Why Aren’t the Bulls Sucking?

Photo by Brett Davis of USA Today Sports
Photo by Brett Davis of USA Today Sports

The Chicago Bulls should be losing. With the season-ending injury to Derrick Rose, 25 percent of their payroll is sitting on the bench. They traded Luol Deng, their leading scorer and best perimeter defender. They have no star power, nor do they have any depth. Instead, their roster is a conglomeration of try-hard defensive-oriented players. They can’t score the ball — their 93.1 points per game is the worst in the NBA.

Yet somehow, they keep winning.

At first, I didn’t like it.

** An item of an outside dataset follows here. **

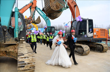 2021年2月8日,中建五局安徽公司合肥聚變堆項(xiàng)目技術(shù)人員蔣吉豐和愛(ài)人張小菊在項(xiàng)目工地舉辦了一場(chǎng)簡(jiǎn)樸、溫馨的婚禮。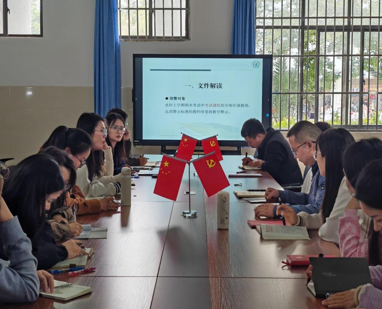 严丽老师领学“教学警示工作的通知”文件

I was one of those Bulls fans who wanted the team to tank. After Rose went down, the future looked grim. Frankly, even with Rose, the Bulls probably couldn’t compete with the likes of the Heat and Pacers in the East. They needed another superstar player, someone to shoulder some of the load for Rose. But the Bulls were $20 million over the salary cap. They simply had no room to sign another great player, or any player for that matter. Luckily, the NBA has a salary cap exemption for draft picks. A team is always allowed to sign their draft picks, regardless of their payroll situation. So in my eyes, if the Bulls were going to get that superstar running mate for Derrick Rose, their only hope was the NBA draft. After the trade of Luol Deng, I thought for sure the Bulls would be in the lottery, in position to possibly select one of this year’s collegiate greats like Jabari Parker, Andrew Wiggins or Marcus Smart.

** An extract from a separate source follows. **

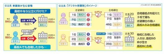 デジタル行財政改革会議で4月、高校入試の「デジタル併願制」について提言が出されました。現在、ほとんどの都道府県の公立高校入試は1校にしか出願できない「単願制」です。これに対し、「デジタル併願制」は、受験生が複数の公立高校に「志望順位」をつけて出願でき、各高校が出す「合格順位」とアルゴリズムでマッチングさせることで、スムーズに複数校の合否や進学先を決めることができる仕組みになります。受験生の後悔や都道府県の負担を減らすメリットがある一方、受験制度が大きく変わることによる混乱も予想されます。

Then things got complicated.

The Bulls started winning. All of a sudden, D.J. Augustin decided to resurrect his career. Taj Gibson decided to emerge as a legitimate low-post scoring threat. Jimmy Butler decided to start scoring again. Kirk Hinrich decided to not have bones made of glass.

And Joakim Noah decided to lose his damn mind.

It’s unthinkable that Noah, that uncoordinated, bow-tie donning spaz from 2007 would develop into the force that he is today. He had always been a hustle guy, an energy guy. He’d run the floor. He’d get tip-ins and dunks. He would get you 11 and 11 a night. He was a good role player. Then suddenly, over the last three months, he has exploded.

All of a sudden, Noah’s dishing out assists like a point guard. He’s dropping triple-doubles like he’s Magic Johnson. It’s like he touched the aliens’ magic basketball from “Space Jam” and assumed the powers of John Stockton.

Where did this come from? How did he suddenly become the best passing center in the league?

The answer can be found in one man — one seven-foot-tall, unathletic, tobacco-spitting country boy from Kendallville, Indiana. I’m talking of course, about Brad Miller.

Miller was always my favorite player in the league. Despite having the athleticism of a bacon cheeseburger, he had always able to use his intelligence (and that subtle pump fake) to be one of the league’s most effective centers. Miller was known for being one of the best passing centers in the league. He had a knack for racking up assists, something he passed down to Joakim Noah while he was with the Bulls from 2009-2010. Fun fact: Joakim Noah leads all centers in assists per game. Who’s second on that list? Spencer Hawes, who started his career as Miller’s backup, playing behind him from 2007-2009 in Sacramento. Brad Miller needs to be a coach somewhere.

But Miller was never this good. Throughout his 14 seasons in the NBA, Miller only hit double digits in assists one time. Noah has done it five times in the last two months. So there must be a second factor contributing to Noah’s passing explosion. That factor is Tom Thibodeau.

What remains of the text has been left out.